▸ DATASET EXTRACT:
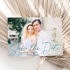 Annoncez votre date mariage dans le style avec notre photo moderne tendance enregistrer les cartes de date. La conception affiche votre photo de fiançailles horizontal avec "Enregistrer la date" dans une superposition manuscrite turquoise avec un dégradé blanc en option. Personnalisez l'avant de sauvegarder le carte photo de date en ajoutant vos noms, votre date de mariage et votre emplacement de mariage. Le simple enregistrement du carte photo de date revient à un motif géométrique pointillé turquoise et blanc.
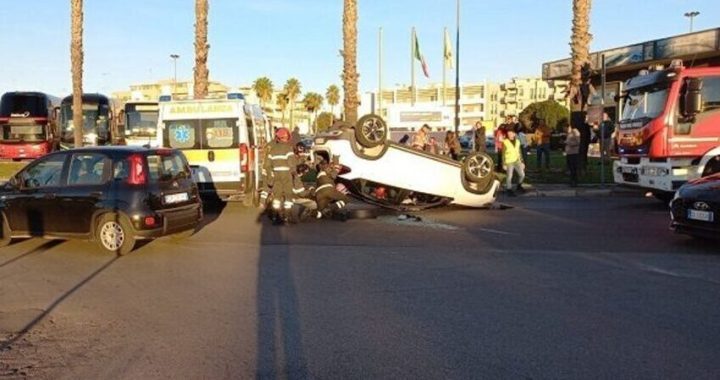 Scontro tra auto, conducente vettura ribaltata in ospedale
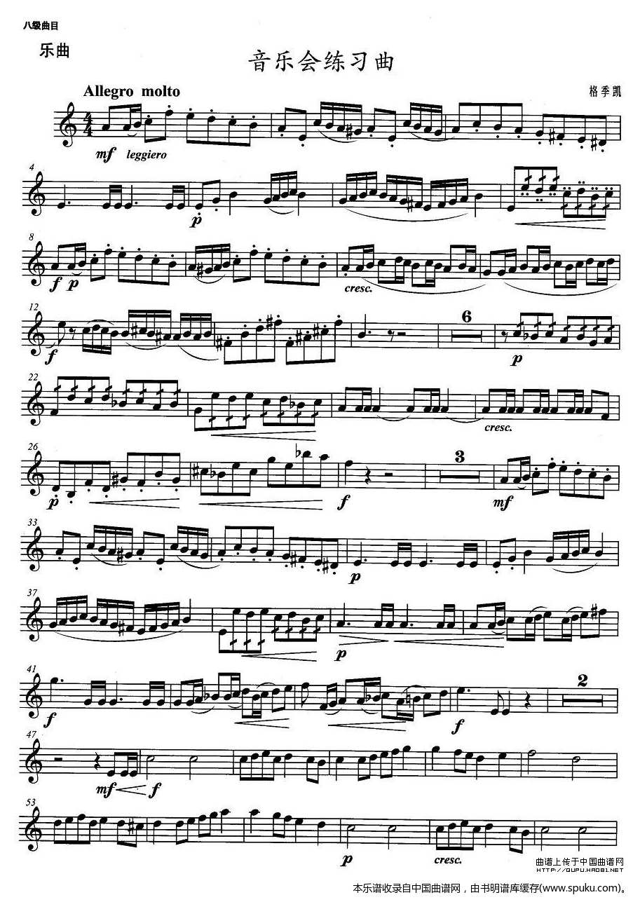 音乐会练习曲 中国二胡考级规定演奏曲 九级

▸ ABOUT THIS TASK:
Please copy the data shown above precisely, leaving the images out.

▸ THE COMPLETED TASK:
 Annoncez votre date mariage dans le style avec notre photo moderne tendance enregistrer les cartes de date. La conception affiche votre photo de fiançailles horizontal avec "Enregistrer la date" dans une superposition manuscrite turquoise avec un dégradé blanc en option. Personnalisez l'avant de sauvegarder le carte photo de date en ajoutant vos noms, votre date de mariage et votre emplacement de mariage. Le simple enregistrement du carte photo de date revient à un motif géométrique pointillé turquoise et blanc.
 Scontro tra auto, conducente vettura ribaltata in ospedale
 音乐会练习曲 中国二胡考级规定演奏曲 九级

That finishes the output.